ChatGPT OpenAI starts working with other applications on your computer.
On Thursday, the startup announced that the ChatGPT desktop app for macOS can now read code in several coding apps aimed at developers, including VS Code, Xcode, TextEdit, Terminal, and iTerm2.
This means that developers will no longer have to copy and paste their code into ChatGPT, which has become a common way of using a chatbot. Now that this feature is enabled, OpenAI will automatically send the section of code you are working on through your chatbot as context, along with a prompt.
However, unlike popular AI coding tools like Cursor or GitHub Copilot, ChatGPT is not currently able to write code directly into developer apps on your behalf.
The feature called Work with Applications is far from an AI agent, but OpenAI says getting ChatGPT to understand other applications is a “key element” in building agent systems. One of the biggest challenges facing AI agents today is teaching them to understand the rest of the computer screen rather than the prompts or their own responses.
OpenAI says it focuses this feature at the beginning of application development; this is likely because AI coding assistants have become one of the most popular LLM utilize cases. This feature is available now for Plus and Teams users, and will be rolled out to Enterprise and Edu over the next few weeks. OpenAI says ChatGPT will be able to work with other types of applications in the future, particularly text-based applications that can be used to write tasks.
In the TechCrunch demo, an OpenAI employee opened a ChatGPT application and an Xcode framework containing a basic project modeling the solar system – although it lacked the Earth. The employee selected the Xcode tab in ChatGPT, which tells the AI chatbot to look at the application and asks the chatbot to “add the missing planets.” The chatbot managed to get the job done by writing a line of code representing the Earth that fit the rest of the design format. However, they still had to paste the ChatGPT response back into their environment.
According to Alexander Embiricos, OpenAI desktop product leader, OpenAI relies primarily on the macOS Accessibility API to read text and translate it into ChatGPT. The macOS screen reader that helps Apple’s VoiceOver function has been around for almost two decades. It is generally considered to be quite reliable for most, but not all, popular applications.
For some applications, such as Microsoft VS Code, working with the applications requires users to install a special extension to check the content. As the name suggests, Apple’s screen reader can only read text, so it cannot lend a hand ChatGPT understand visual elements such as photos, object orientation, or videos.
Work with your applications by sending the last 200 lines of code via ChatGPT along with each prompt for certain applications. In other cases, all the code in the main window will be used as input to the chatbot. You can highlight sections of code or text to lend a hand ChatGPT focus on the right part of your design, but ChatGPT will also take into account the text surrounding it. This all looks like it will utilize multiple input tokens.
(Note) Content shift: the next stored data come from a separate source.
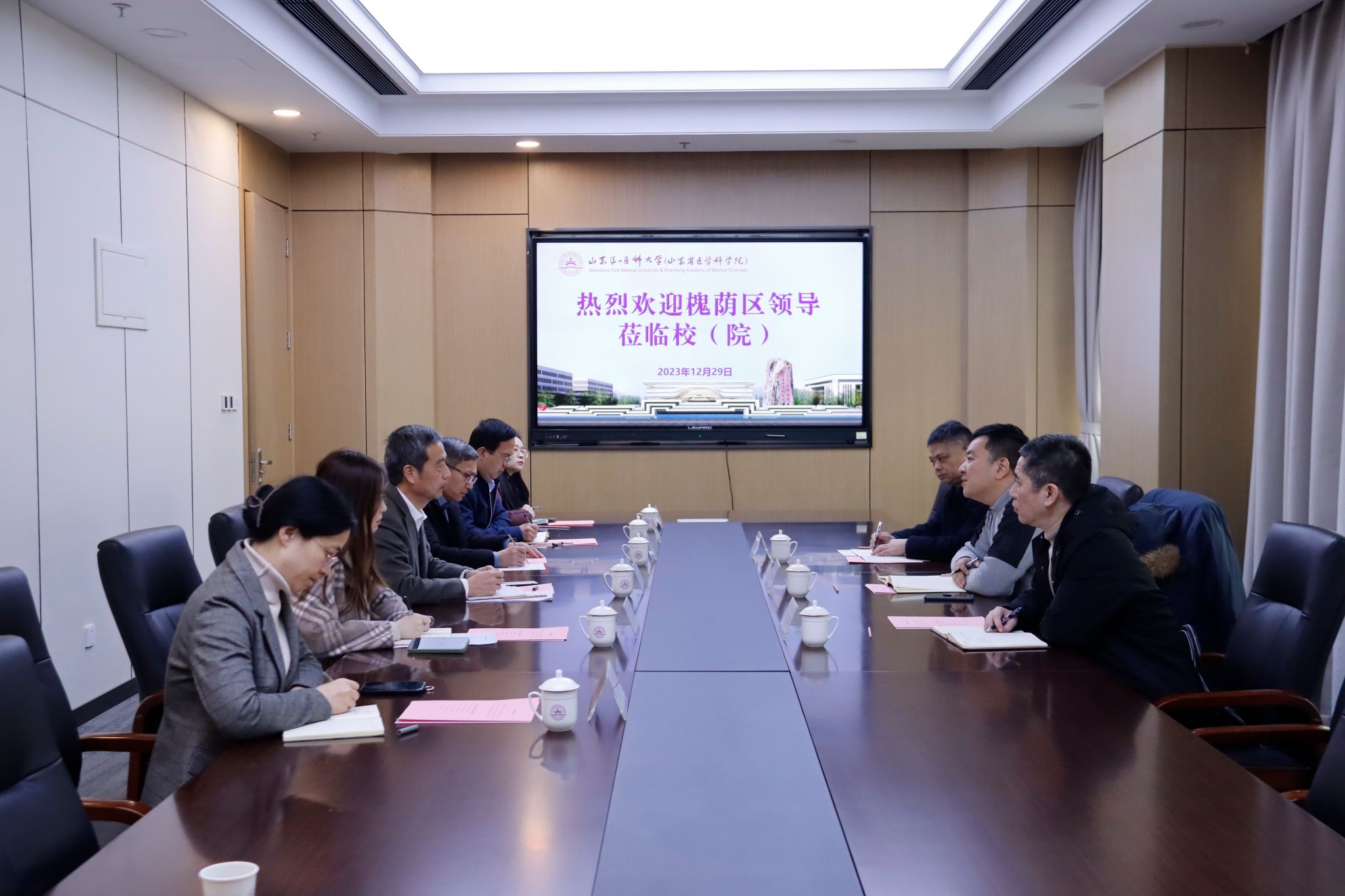 12月29日,槐荫区委统战部副部长、民族宗教事务局局长高胜毅一行到校(院)调研交流。校(院)党委书记刘思金热情会见了客人。
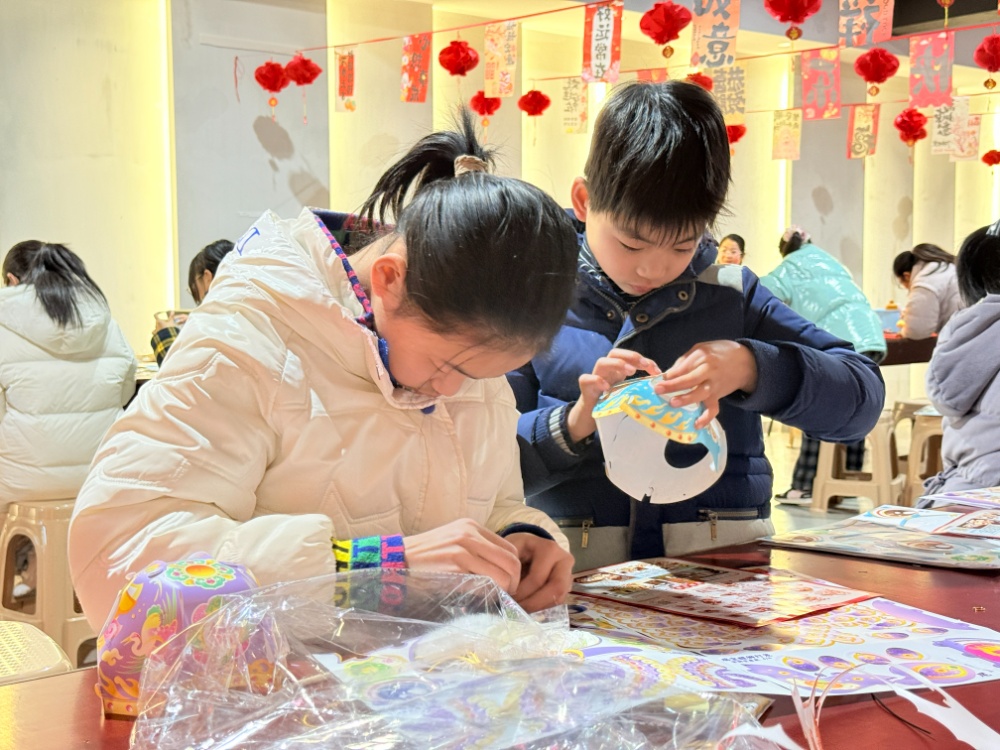 这里可是人气爆棚!爸爸妈妈和宝贝们围坐一起,全神贯注地制作醒狮灯笼。小朋友踮着脚给灯笼装眼睛,家长在旁边帮忙固定骨架,配合得默契十足。剪纸区则静中有动,红纸翻飞间,一幅幅“春”“福”“祥马”窗花悄然绽放——贴在家里的窗户上,就是最有温度的装饰。
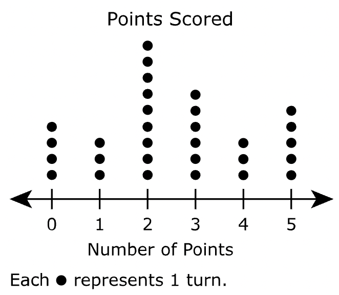 The dot plot shows the number of points a player scored in each of 30 turns in a game.

It’s unclear how OpenAI plans to make this feature available to other apps that aren’t compatible with Apple’s screen reader. Anthropic, one of OpenAI’s competitors, has released an artificial intelligence system that analyzes user desktop screenshots to understand and utilize other applications. To be candid, Anthropic’s approach leaves much to be desired in its current state: it is sluggish and makes many mistakes. However, it is a more general-purpose version of the AI agent that does not rely on APIs and can do more than just read text in another window.
“It’s not supposed to be an agent; this is a way to get started with coding tools, and more tools will be available soon,” Embiricos said at a TechCrunch briefing. “From an agents’ point of view, I think this is a really key element. The idea that ChatGPT understands or can work with all the content you have so that it can lend a hand with that.
This move into agents is especially notable given recent reports that OpenAI is close to releasing a general-purpose AI agent codenamed “Operator,” according to Bloomberg. The tool is expected to arrive in early 2025 and will compete with other early efforts to utilize general-purpose artificial intelligence agents, such as the utilize of the Anthropic Computer or Agent “Jarvis” reported by Google.
OpenAI will make these features available for the first time on macOS, shortly before Apple introduces ChatGPT integration in December. It’s unclear when Work with Apps will arrive on Windows, the operating system created by OpenAI’s largest sponsor, Microsoft.